1. Blank or general endorsement:

If the endorser signs his name only and does not specify the name of the endorsee, the endorsement is said to be in blank Sec. 16(1). The effect of a blank endorsement is to convert the order instrument into bearer instrument (Sec. 54), which may be transferred merely by delivery.

2. Endorsement in full or special endorsement:

If the endorser, in addition to his signature, also adds a direction to pay the amount mentioned in the instrument to, or to the order of, a specified person the endorsement is said to be in full [Sec. 16(1)].

If, for example, A, the holder of a bill of exchange, wants to make an endorsement in full to B, he would write thus: "Pay to B or order, SdA4." After such an endorsement it is only the endorsee, i.e., B, who is entitled to receive the payment of the instrument and to further negotiate the instrument by his endorsement.

A blank endorsement can easily be converted into an endorsement in full, According to Section 49, the holder of a negotiable instrument endorsed in blank may, without signing his own name, by writing above the endorser's signature a direction to pay to any other person as endorsee, convert the endorsement in blank into an endorsement in full; and since such holder does not sign himself on the instrument he does not thereby incur the responsibility of an endorser.

3. Partial Endorsement:

Section 56 provides that a negotiable instrument cannot be endorsed for a part of the amount appearing to be due on the instrument.

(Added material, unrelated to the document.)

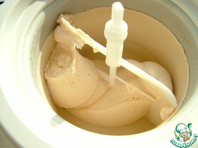 Замораживаем в мороженнице 30 минут, или в металлической форме в морозилке 4 часа (в процессе замораживания несколько раз перемешиваем мороженое).

In other words, a partial endorsement which transfers the rights to receive only a part payment of the amount due on the instrument is invalid.

Such an endorsement has been declared invalid because it would subject the prior parties to plurality of actions (one action by holder for part value and another action by endorsee for part value) "and will thus cause inconvenience to them.

Moreover, it would also interfere with the free circulation of negotiable instruments. It may be noted that an endorsement which purports to transfer the instrument to two or more endorses separately, and not jointly is also treated as partial endorsement and hence would be invalid.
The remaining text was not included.